_What the task asks_
The lines from the top of the material through the line with "4일 오후 방송된 JTBC" are to be set down exactly. Leave the pictures out.

_Exercise data_
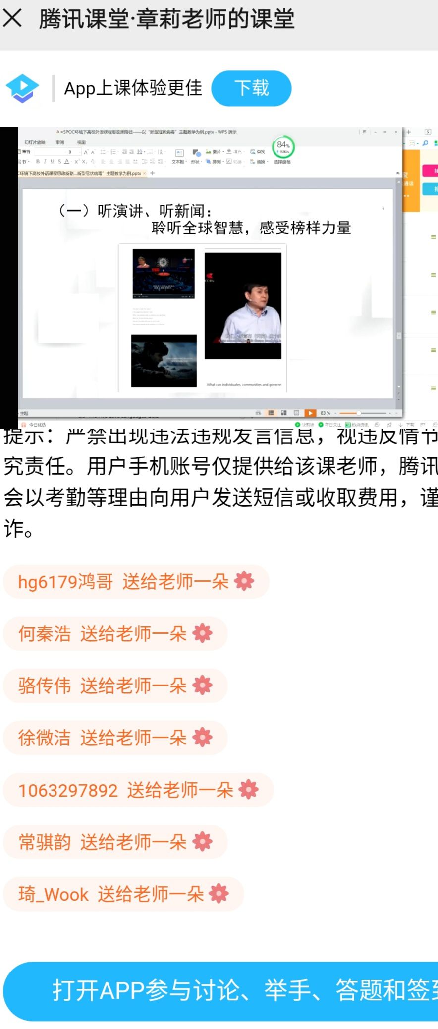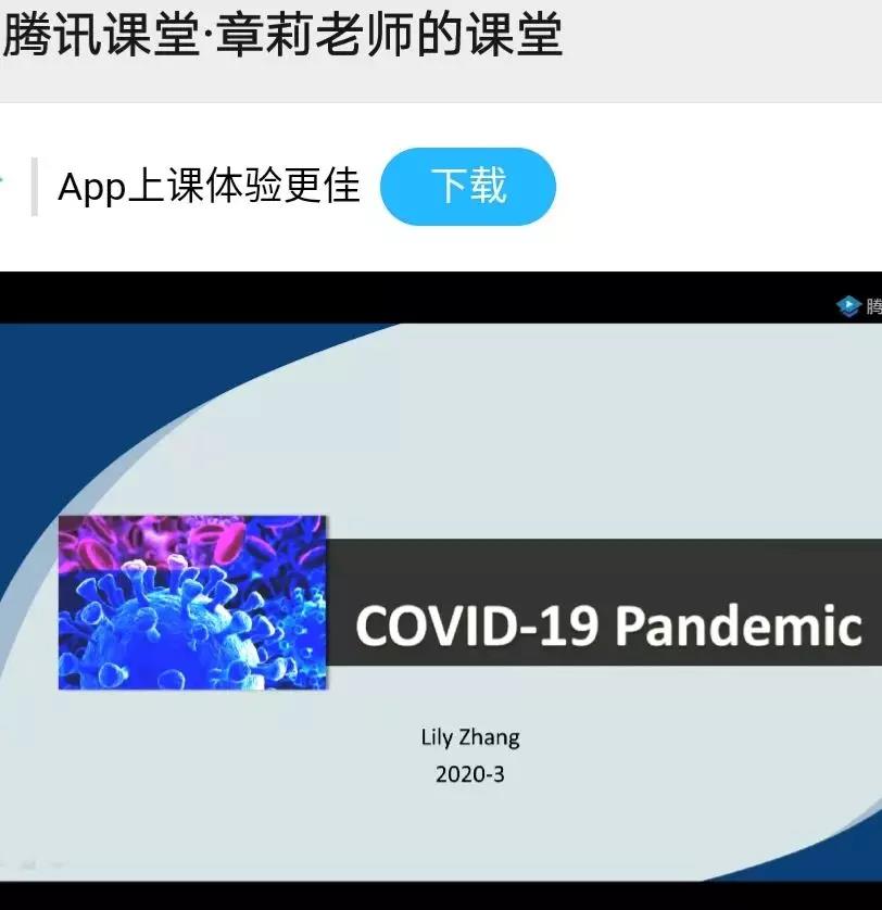 上午8:00至9:30,章莉老师结合课程思政理念和当前疫情背景,首先对课程进行了介绍和导入;接着,她以新型冠状病毒防疫为主题,进行线上公开课展示。课堂材料选取紧扣时政,师生互动方式多样,学生及观摩教师纷纷在线献花点赞。
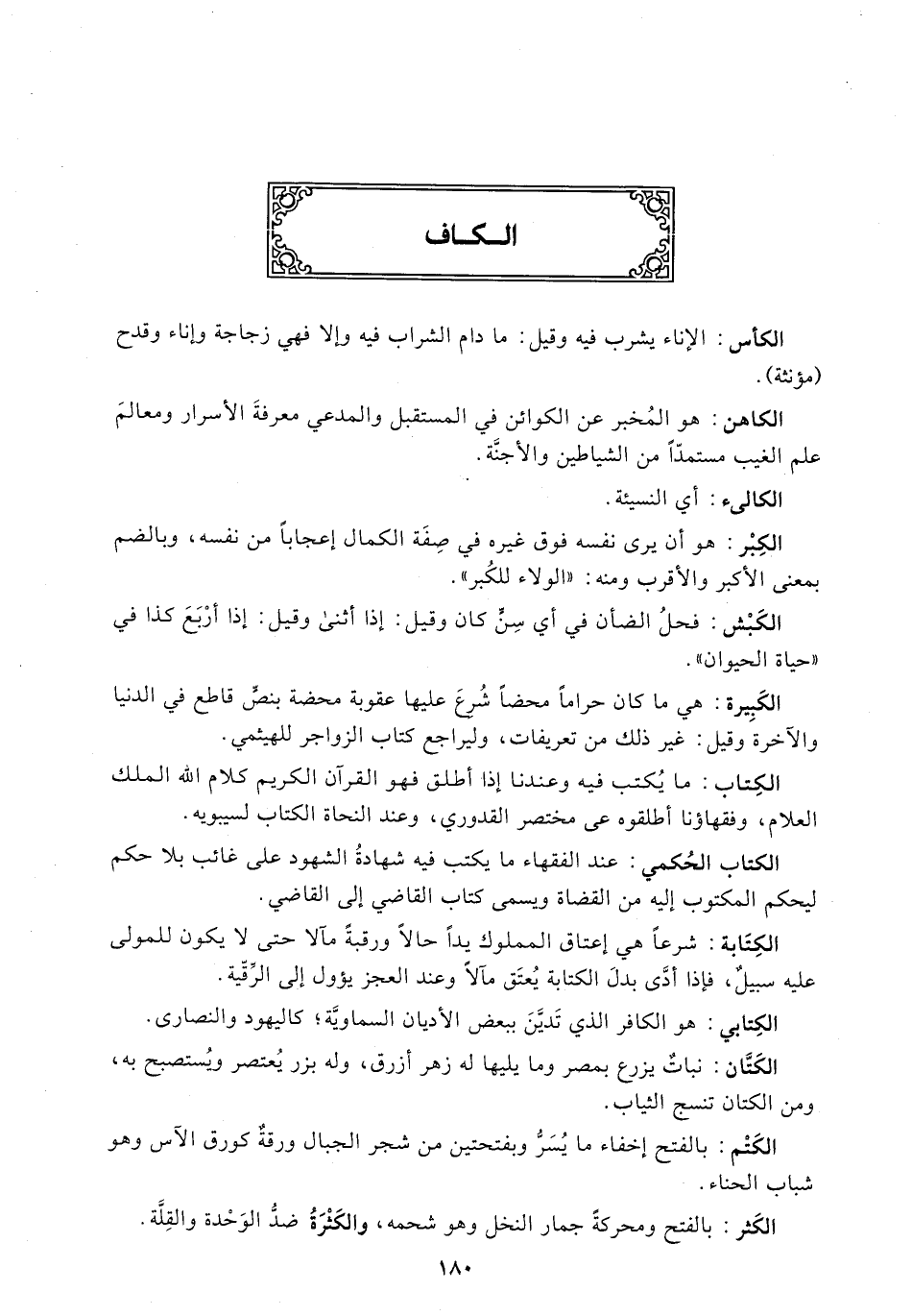 الكِتاب: ما يُكتب فيه وعندنا إذا أطلق فهو القرآن الكريم كلام الله الملك العلام، وفقهاؤنا أطلقوه عى مختصر القدوري، وعند النحاة الكتاب لسيبويه.
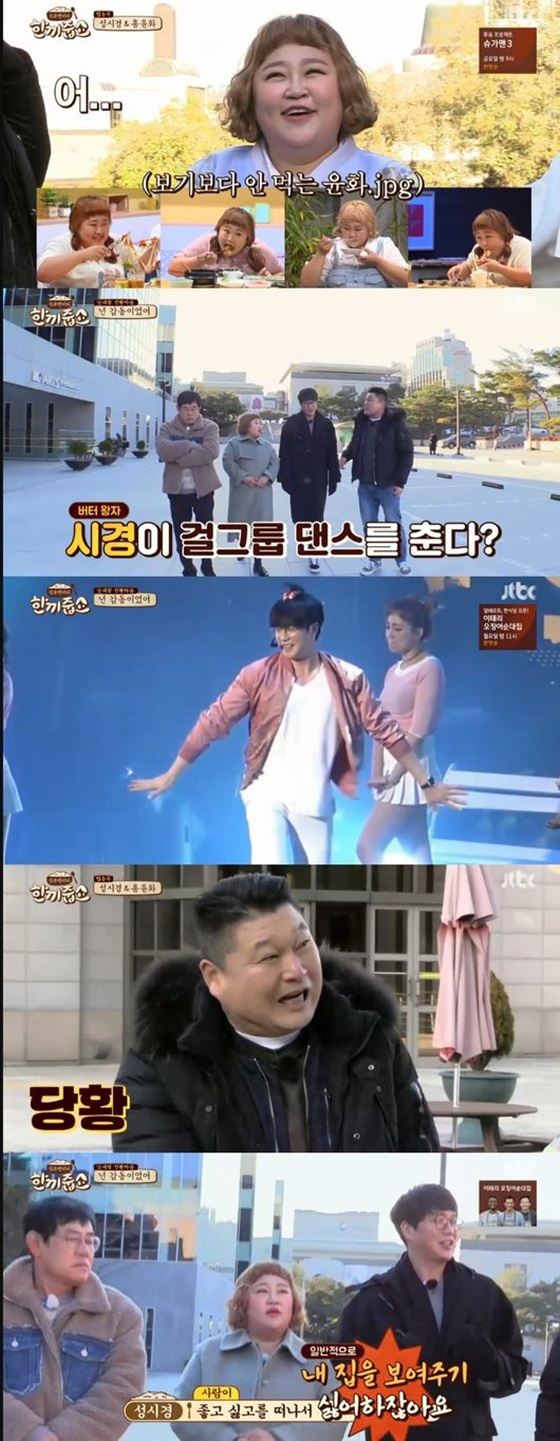 4일 오후 방송된 JTBC 예능프로그램 '한끼줍쇼'에서는 가수 성시경과 개그우먼 홍윤화가 게스트로 출연해 남태령 전원마을에서의 한 끼에 도전했다.
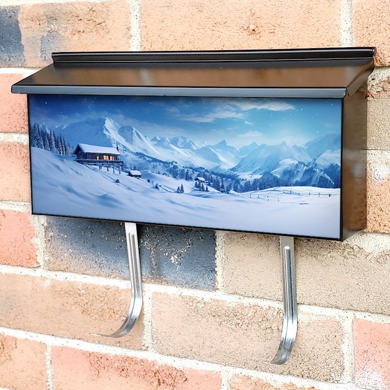 Applying your Winter Wonderland Panorama Wooden House In Snowy Mountains townhouse / ranch mailbox cover it’s pretty easy to convert your mailbox to a special and unique item. These covers require a flat surface, so they work with townhouse / ranch mailboxes that do not have any embossed decoration or signs. Magnetic mailbox covers work with steel boxes, for aluminum and plastic boxes we offer the self-adhesive vinyl covers. In case your mailbox doesn’t work with these covers, you can purchase the preinstalled cover on a brand new mailbox as well. Also, you can create your custom townhouse / ranch mailbox cover using you own pictures, adding your name, street number, etc.
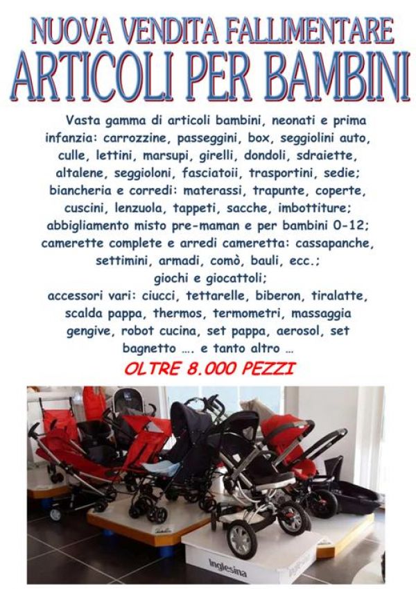 - Importante stock articoli per neonati e prima infanzia: carrozzine, passeggini, seggiolini auto, culle e lettini, marsupi, girelli, altalene, seggioloni, fasciatoi, camerette complete; biancheria e corredi: trapunte, coperte, cuscini, lenzuola; abbigliamento misto pre-maman e per bambini 0-12 anni; giochi e giocattoli; accessori vari come ciucci, tettarelle, biberon, thermos, termometri, massaggia gengive, set pappa, aerosol, set bagnetto e tanto altro ancora totale: oltre 8.000 pezzi per info su prezzo ed altro contattare: BOBBI LUCA 328 8535881 o 0744 800948
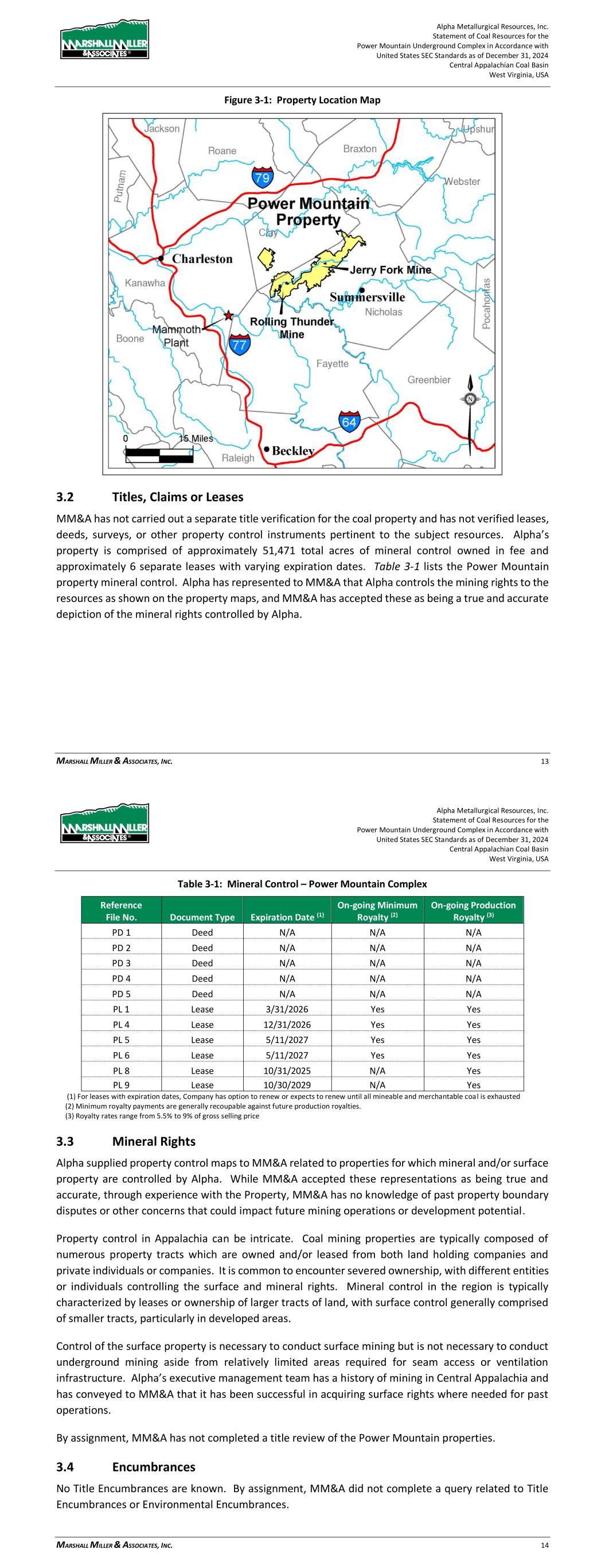 Alpha Metallurgical Resources, Inc. Statement of Coal Resources for the Power Mountain Underground Complex in Accordance with United States SEC Standards as of December 31, 2024 Central Appalachian Coal Basin West Virginia, USA MARSHALL MILLER & ASSOCIATES, INC. 13 Figure 3-1: Property Location Map 3.2 Titles, Claims or Leases MM&A has not carried out a separate title verification for the coal property and has not verified leases, deeds, surveys, or other property control instruments pertinent to the subject resources. Alpha’s property is comprised of approximately 51,471 total acres of mineral control owned in fee and approximately 6 separate leases with varying expiration dates. Table 3-1 lists the Power Mountain property mineral control. Alpha has represented to MM&A that Alpha controls the mining rights to the resources as shown on the property maps, and MM&A has accepted these as being a true and accurate depiction of the mineral rights controlled by Alpha. Alpha Metallurgical Resources, Inc. Statement of Coal Resources for the Power Mountain Underground Complex in Accordance with United States SEC Standards as of December 31, 2024 Central Appalachian Coal Basin West Virginia, USA MARSHALL MILLER & ASSOCIATES, INC. 14 Table 3-1: Mineral Control – Power Mountain Complex Reference File No. Document Type Expiration Date (1) On-going Minimum Royalty (2) On-going Production Royalty (3) PD 1 Deed N/A N/A N/A PD 2 Deed N/A N/A N/A PD 3 Deed N/A N/A N/A PD 4 Deed N/A N/A N/A PD 5 Deed N/A N/A N/A PL 1 Lease 3/31/2026 Yes Yes PL 4 Lease 12/31/2026 Yes Yes PL 5 Lease 5/11/2027 Yes Yes PL 6 Lease 5/11/2027 Yes Yes PL 8 Lease 10/31/2025 N/A Yes PL 9 Lease 10/30/2029 N/A Yes (1) For leases with expiration dates, Company has option to renew or expects to renew until all mineable and merchantable coal is exhausted (2) Minimum royalty payments are generally recoupable against future production royalties. (3) Royalty rates range from 5.5% to 9% of gross selling price 3.3 Mineral Rights Alpha supplied property control maps to MM&A related to properties for which mineral and/or surface property are controlled by Alpha. While MM&A accepted these representations as being true and accurate, through experience with the Property, MM&A has no knowledge of past property boundary disputes or other concerns that could impact future mining operations or development potential. Property control in Appalachia can be intricate. Coal mining properties are typically composed of numerous property tracts which are owned and/or leased from both land holding companies and private individuals or companies. It is common to encounter severed ownership, with different entities or individuals controlling the surface and mineral rights. Mineral control in the region is typically characterized by leases or ownership of larger tracts of land, with surface control generally comprised of smaller tracts, particularly in developed areas. Control of the surface property is necessary to conduct surface mining but is not necessary to conduct underground mining aside from relatively limited areas required for seam access or ventilation infrastructure. Alpha’s executive management team has a history of mining in Central Appalachia and has conveyed to MM&A that it has been successful in acquiring surface rights where needed for past operations. By assignment, MM&A has not completed a title review of the Power Mountain properties. 3.4 Encumbrances No Title Encumbrances are known. By assignment, MM&A did not complete a query related to Title Encumbrances or Environmental Encumbrances.

_Your response_
 上午8:00至9:30,章莉老师结合课程思政理念和当前疫情背景,首先对课程进行了介绍和导入;接着,她以新型冠状病毒防疫为主题,进行线上公开课展示。课堂材料选取紧扣时政,师生互动方式多样,学生及观摩教师纷纷在线献花点赞。
 الكِتاب: ما يُكتب فيه وعندنا إذا أطلق فهو القرآن الكريم كلام الله الملك العلام، وفقهاؤنا أطلقوه عى مختصر القدوري، وعند النحاة الكتاب لسيبويه.
 4일 오후 방송된 JTBC 예능프로그램 '한끼줍쇼'에서는 가수 성시경과 개그우먼 홍윤화가 게스트로 출연해 남태령 전원마을에서의 한 끼에 도전했다.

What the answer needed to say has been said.